His (fairly pagan, he thought guiltily) meditation was cut off by a faint rustle from behind. He turned round. Damn! His passenger had awakened earlier than expected. He was sitting very upright and stiff, staring at him, expressionless.

"Bodie, you're awake? How do you feel?" he said, very gently. The man kept staring, not moving.

"Do you remember who I am?"

"No", he looked bewildered.

"George Cowley. I took you from the hospital; you asked me to. Don't you remember anything?"

"I remember you hitting me."

"Well," Cowley retorted, "I remember you hitting me first." He omitted to recall the circumstances. "I couldn't let you wreck the car. You were very agitated. I had to calm you down."

Smiling reassuringly, he bent forward fractionally, and the other man flung himself backwards, hands profered in a clumsy gesture of defence. For a fleeting moment he looked like a scared rabbit. Nothing in him to remind the lethal fighter of late. Then he slid back in its previous state of withdrawal. So, the drug was still working at some level. Fine for now.

"You've nothing to fear from me; I won't do you any harm."

"You hit me." repeated the young man with a sort of dumb stubbornness. He didn't mention the drugging or the manacles and Cowley thought wiser to leave that uncleared.

"I'm sorry, Bodie, really sorry; but I couldn't do anything else." He got no reaction and went on. "How do you feel?
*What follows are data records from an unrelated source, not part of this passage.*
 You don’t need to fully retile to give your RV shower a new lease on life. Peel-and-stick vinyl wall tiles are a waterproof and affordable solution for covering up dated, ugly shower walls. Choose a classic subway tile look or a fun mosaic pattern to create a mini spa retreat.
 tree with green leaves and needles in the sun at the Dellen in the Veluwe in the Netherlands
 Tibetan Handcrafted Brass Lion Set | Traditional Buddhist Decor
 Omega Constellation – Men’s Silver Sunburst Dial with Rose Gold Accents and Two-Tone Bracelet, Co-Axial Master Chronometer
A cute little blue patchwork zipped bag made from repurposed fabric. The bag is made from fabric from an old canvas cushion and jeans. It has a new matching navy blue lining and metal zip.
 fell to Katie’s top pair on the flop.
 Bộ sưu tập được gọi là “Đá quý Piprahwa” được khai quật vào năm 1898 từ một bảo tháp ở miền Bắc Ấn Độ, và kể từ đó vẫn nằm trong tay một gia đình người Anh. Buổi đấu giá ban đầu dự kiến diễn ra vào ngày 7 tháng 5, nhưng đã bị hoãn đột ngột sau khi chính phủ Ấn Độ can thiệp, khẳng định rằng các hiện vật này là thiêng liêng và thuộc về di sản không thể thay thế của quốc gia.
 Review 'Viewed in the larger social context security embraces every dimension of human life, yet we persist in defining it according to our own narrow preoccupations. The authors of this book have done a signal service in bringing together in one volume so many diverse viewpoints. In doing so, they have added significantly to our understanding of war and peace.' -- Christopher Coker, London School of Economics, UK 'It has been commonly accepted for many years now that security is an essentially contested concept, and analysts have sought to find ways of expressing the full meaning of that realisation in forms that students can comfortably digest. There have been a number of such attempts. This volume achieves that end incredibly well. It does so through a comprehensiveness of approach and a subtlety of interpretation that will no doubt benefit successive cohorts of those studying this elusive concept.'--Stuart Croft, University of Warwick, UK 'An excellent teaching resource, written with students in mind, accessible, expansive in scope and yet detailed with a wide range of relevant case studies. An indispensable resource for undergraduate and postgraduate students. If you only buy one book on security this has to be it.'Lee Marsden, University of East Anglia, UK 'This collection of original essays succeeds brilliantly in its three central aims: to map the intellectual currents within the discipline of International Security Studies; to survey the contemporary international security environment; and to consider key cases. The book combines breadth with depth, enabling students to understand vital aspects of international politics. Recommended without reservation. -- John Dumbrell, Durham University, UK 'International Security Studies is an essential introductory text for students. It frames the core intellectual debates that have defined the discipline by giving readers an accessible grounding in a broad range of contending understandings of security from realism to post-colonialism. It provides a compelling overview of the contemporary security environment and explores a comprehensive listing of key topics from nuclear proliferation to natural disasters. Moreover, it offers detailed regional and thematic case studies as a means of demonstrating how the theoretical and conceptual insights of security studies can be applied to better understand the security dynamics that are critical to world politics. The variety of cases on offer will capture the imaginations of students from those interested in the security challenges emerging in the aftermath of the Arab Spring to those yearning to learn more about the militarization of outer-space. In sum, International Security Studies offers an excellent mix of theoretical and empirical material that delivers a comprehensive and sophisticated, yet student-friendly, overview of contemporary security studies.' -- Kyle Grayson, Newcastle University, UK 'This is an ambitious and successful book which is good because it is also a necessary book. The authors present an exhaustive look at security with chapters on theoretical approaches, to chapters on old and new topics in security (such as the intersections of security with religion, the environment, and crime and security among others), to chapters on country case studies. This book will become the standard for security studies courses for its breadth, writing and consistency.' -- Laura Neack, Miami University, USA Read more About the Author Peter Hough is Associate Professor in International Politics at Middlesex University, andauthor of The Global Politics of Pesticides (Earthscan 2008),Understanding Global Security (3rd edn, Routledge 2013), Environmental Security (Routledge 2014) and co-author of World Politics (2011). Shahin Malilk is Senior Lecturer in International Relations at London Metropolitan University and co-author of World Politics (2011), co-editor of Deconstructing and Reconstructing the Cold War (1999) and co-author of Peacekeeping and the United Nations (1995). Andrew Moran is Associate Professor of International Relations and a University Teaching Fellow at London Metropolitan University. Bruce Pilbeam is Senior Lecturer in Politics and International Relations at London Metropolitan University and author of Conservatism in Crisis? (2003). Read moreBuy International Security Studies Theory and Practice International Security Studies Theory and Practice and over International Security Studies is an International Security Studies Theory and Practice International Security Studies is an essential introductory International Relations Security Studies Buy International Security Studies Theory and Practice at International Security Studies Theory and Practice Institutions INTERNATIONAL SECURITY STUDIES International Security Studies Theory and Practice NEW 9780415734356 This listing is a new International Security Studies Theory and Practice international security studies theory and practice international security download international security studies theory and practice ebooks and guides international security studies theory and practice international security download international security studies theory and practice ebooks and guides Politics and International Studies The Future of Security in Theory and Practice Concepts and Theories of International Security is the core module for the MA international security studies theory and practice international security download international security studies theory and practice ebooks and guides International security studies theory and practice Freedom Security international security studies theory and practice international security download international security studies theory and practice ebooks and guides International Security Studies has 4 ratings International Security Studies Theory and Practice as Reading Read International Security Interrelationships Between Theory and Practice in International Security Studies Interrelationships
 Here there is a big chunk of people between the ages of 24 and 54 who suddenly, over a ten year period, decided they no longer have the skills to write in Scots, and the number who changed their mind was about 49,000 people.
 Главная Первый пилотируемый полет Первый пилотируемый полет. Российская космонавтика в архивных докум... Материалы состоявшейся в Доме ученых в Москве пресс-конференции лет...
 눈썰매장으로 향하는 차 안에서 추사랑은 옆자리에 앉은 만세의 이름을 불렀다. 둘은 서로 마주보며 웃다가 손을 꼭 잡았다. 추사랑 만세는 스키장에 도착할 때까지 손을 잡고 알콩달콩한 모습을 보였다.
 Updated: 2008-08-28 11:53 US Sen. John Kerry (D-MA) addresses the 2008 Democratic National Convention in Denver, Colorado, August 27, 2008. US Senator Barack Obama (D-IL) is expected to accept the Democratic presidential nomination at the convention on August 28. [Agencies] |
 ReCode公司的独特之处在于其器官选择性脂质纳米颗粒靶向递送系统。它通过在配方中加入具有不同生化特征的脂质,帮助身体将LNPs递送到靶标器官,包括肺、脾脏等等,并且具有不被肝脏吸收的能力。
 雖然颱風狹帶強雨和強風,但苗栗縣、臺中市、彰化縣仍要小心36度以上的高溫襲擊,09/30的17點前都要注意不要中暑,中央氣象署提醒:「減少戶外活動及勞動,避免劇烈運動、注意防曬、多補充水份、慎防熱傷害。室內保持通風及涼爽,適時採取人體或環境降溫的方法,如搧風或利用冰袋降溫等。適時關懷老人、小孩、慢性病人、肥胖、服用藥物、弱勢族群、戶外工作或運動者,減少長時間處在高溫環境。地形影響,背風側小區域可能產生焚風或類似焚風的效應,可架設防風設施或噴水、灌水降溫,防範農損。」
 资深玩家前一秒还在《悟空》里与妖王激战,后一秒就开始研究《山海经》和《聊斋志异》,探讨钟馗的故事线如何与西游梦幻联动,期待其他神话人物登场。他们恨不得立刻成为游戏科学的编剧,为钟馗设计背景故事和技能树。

Any headache?"

He was beginning to be truly worried, actually, and the sincerity of his tone seemed to get at his companion.

"Yes – no," he answered hesitantly, "I feel... strange. What...what happened?"

"You were held in this hospital, Repton, after I brought you home from Africa. You were on watch for a week, then interrogated by MI6 people. They treated you ...roughly; you wanted out; you asked me to take you out and I promised you I would. I kept my word, as you can see."

Cowley couldn't tell whether his explanations had been in any measure absorbed, or lost completely on the young man's foggy brain. Only mute distress and disorientation were showing on his handsome features. He was obviously still deeply confused. Confused but docile enough to accept being moved round to the passenger's front seat without further question. Better to have him there than behind, though there was little he could do if the man happened to get berserk again. This was a risk to run. The whole thing had been a risk to run, as all in Cowley's life had always been.